Start of GIVEN DATA
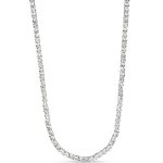 Collana tennis classica in Ag925 rodiato, con pietre taglio brillante simulanti il diamante da 0,50 carati ognuna, montate su castoni a griffe con quattro punte, chiusura con un otto di sicurezza, lunghezza collana 90cm.
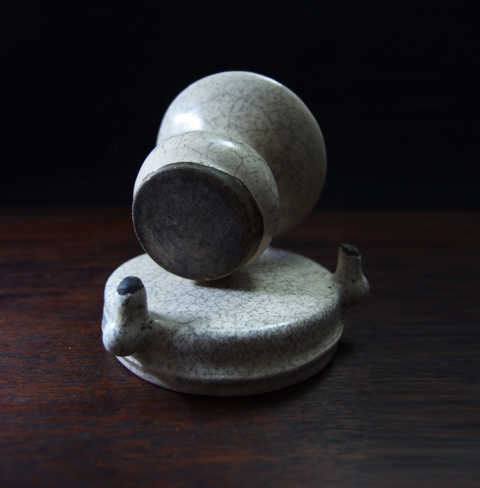 此組文房器為宋代製作,通體溫潤,表面佈滿自然開片,富有古雅之韻。整體由底座與承器兩件組合而成,結構簡潔實用,器形端正穩重。底座設有三足支撐,增添穩定性與觀賞趣味,亦符合傳統文房器具設計。
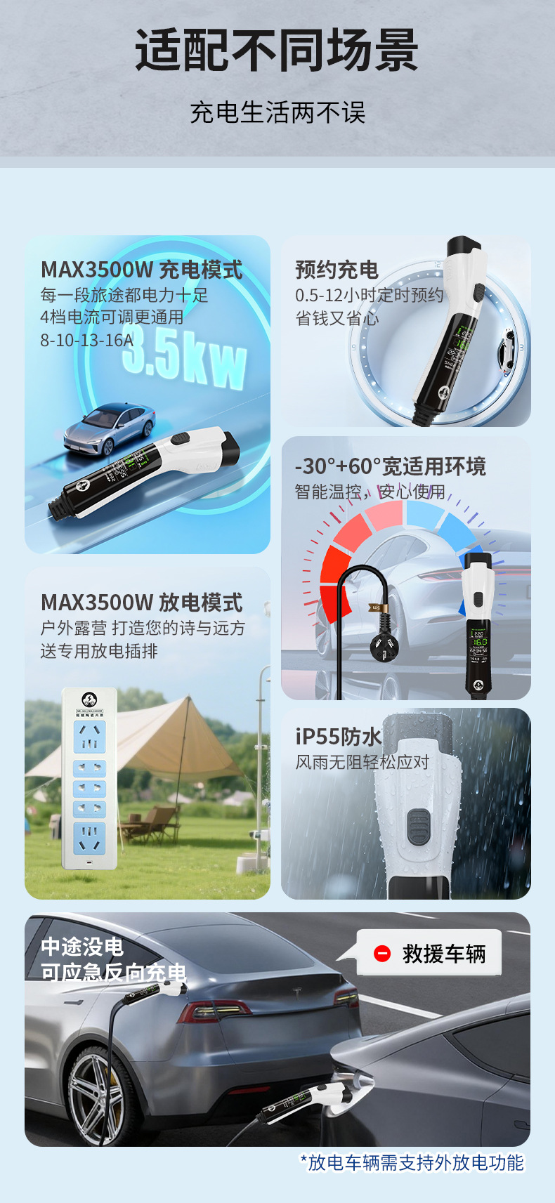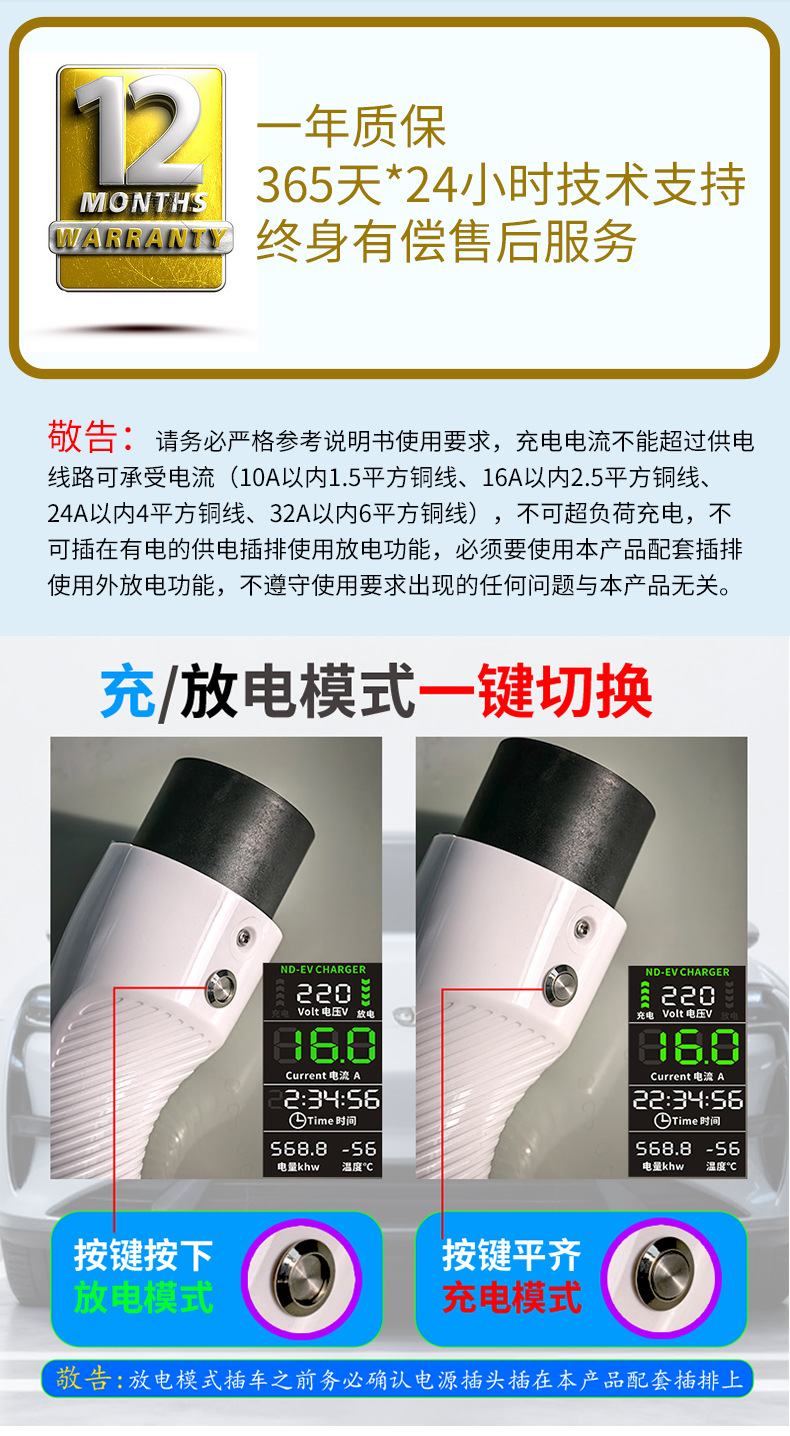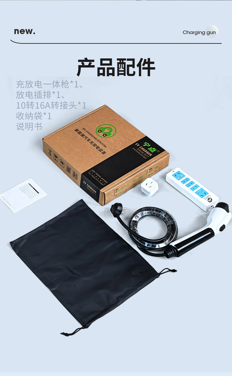 欧标EU-GBT充放电一体随车充电枪二合放电新能源汽车家用便携器桩
End of GIVEN DATA
* TASK STATEMENT: Could you copy exactly, and with no pictures, the lines above from the one containing "此組文房器為宋代製作,通體溫" through the last line, both included?

* ANSWER SPACE:
 此組文房器為宋代製作,通體溫潤,表面佈滿自然開片,富有古雅之韻。整體由底座與承器兩件組合而成,結構簡潔實用,器形端正穩重。底座設有三足支撐,增添穩定性與觀賞趣味,亦符合傳統文房器具設計。
 欧标EU-GBT充放电一体随车充电枪二合放电新能源汽车家用便携器桩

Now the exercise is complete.